EXERCISE AIM = Return exactly the lines from the one containing "Beer mug, faience, Hannoversch" through the end of the material below, and leave the images out.

━━━ DATA SECTION

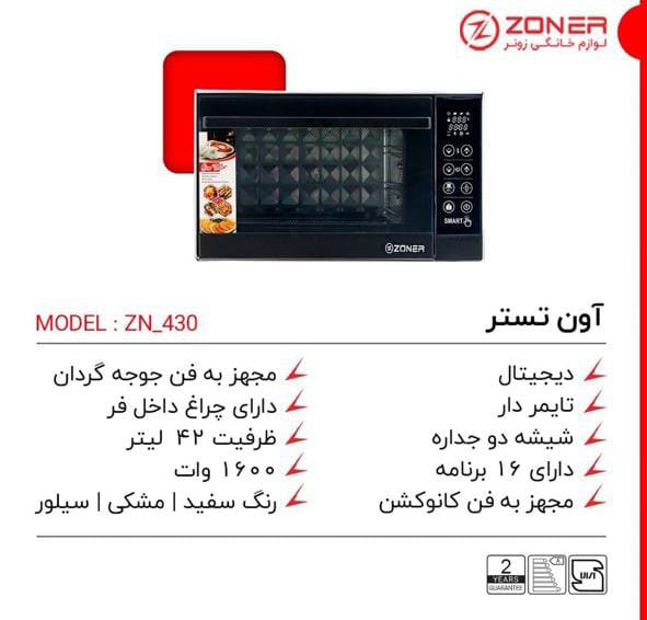 رنگسفيد مشکی سیلورمشخصات محصولدیجیتال ، تایمر دار ، شیشه دوجه داره ، مجهز به ۱۶ برنامه ،مجهز به فن کانوکشن و جوجه گردان و 1600 واتظرفیت42 لیتر
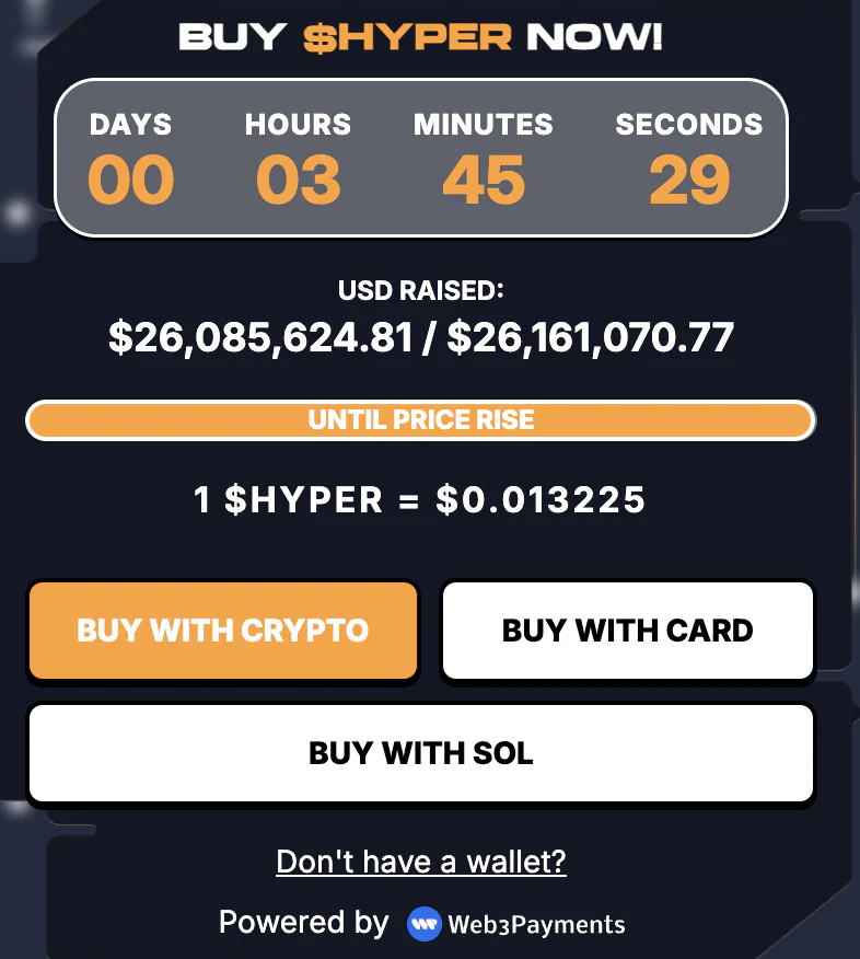 比特币超能链($HYPER)预售已突破2600万美元,过去24小时内巨鲸追加投资23.9万美元。
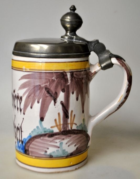 Beer mug, faience, Hannoversch Münden, 1848, Germany. Polychrome decoration with German text: Auf unsere Gesundheit. Pewter lid with initials: D.E.R 1848..With handle.. H.: 22 cm.
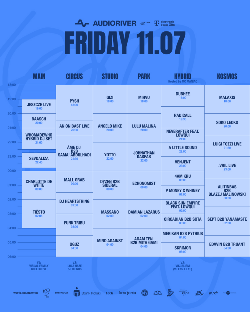 W tym roku odbywa się już 19. edycja słynnego festiwalu muzyki elektronicznej. Po zeszłorocznej przeprowadzce z historycznej stolicy Mazowsza wydarzenie na stałe osiadło się w Łodzi, od dawna związanej z polską sceną muzyki elektronicznej. Na audioriverowej scenie występowały takie gwiazdy jak Four Tet live, Victoria z Måneskin b2b Partiboi69, Sevdaliza, czy Modeselektor live. Od pierwszej, bezpłatnej edycji w 2006 roku festiwal przeszedł długą drogę. W tym roku odbywa się w dniach 11-13 lipca na Łódzkich Błoniach.

━━━━━━

SOLUTION TO THE PROBLEM =
 Beer mug, faience, Hannoversch Münden, 1848, Germany. Polychrome decoration with German text: Auf unsere Gesundheit. Pewter lid with initials: D.E.R 1848..With handle.. H.: 22 cm.
 W tym roku odbywa się już 19. edycja słynnego festiwalu muzyki elektronicznej. Po zeszłorocznej przeprowadzce z historycznej stolicy Mazowsza wydarzenie na stałe osiadło się w Łodzi, od dawna związanej z polską sceną muzyki elektronicznej. Na audioriverowej scenie występowały takie gwiazdy jak Four Tet live, Victoria z Måneskin b2b Partiboi69, Sevdaliza, czy Modeselektor live. Od pierwszej, bezpłatnej edycji w 2006 roku festiwal przeszedł długą drogę. W tym roku odbywa się w dniach 11-13 lipca na Łódzkich Błoniach.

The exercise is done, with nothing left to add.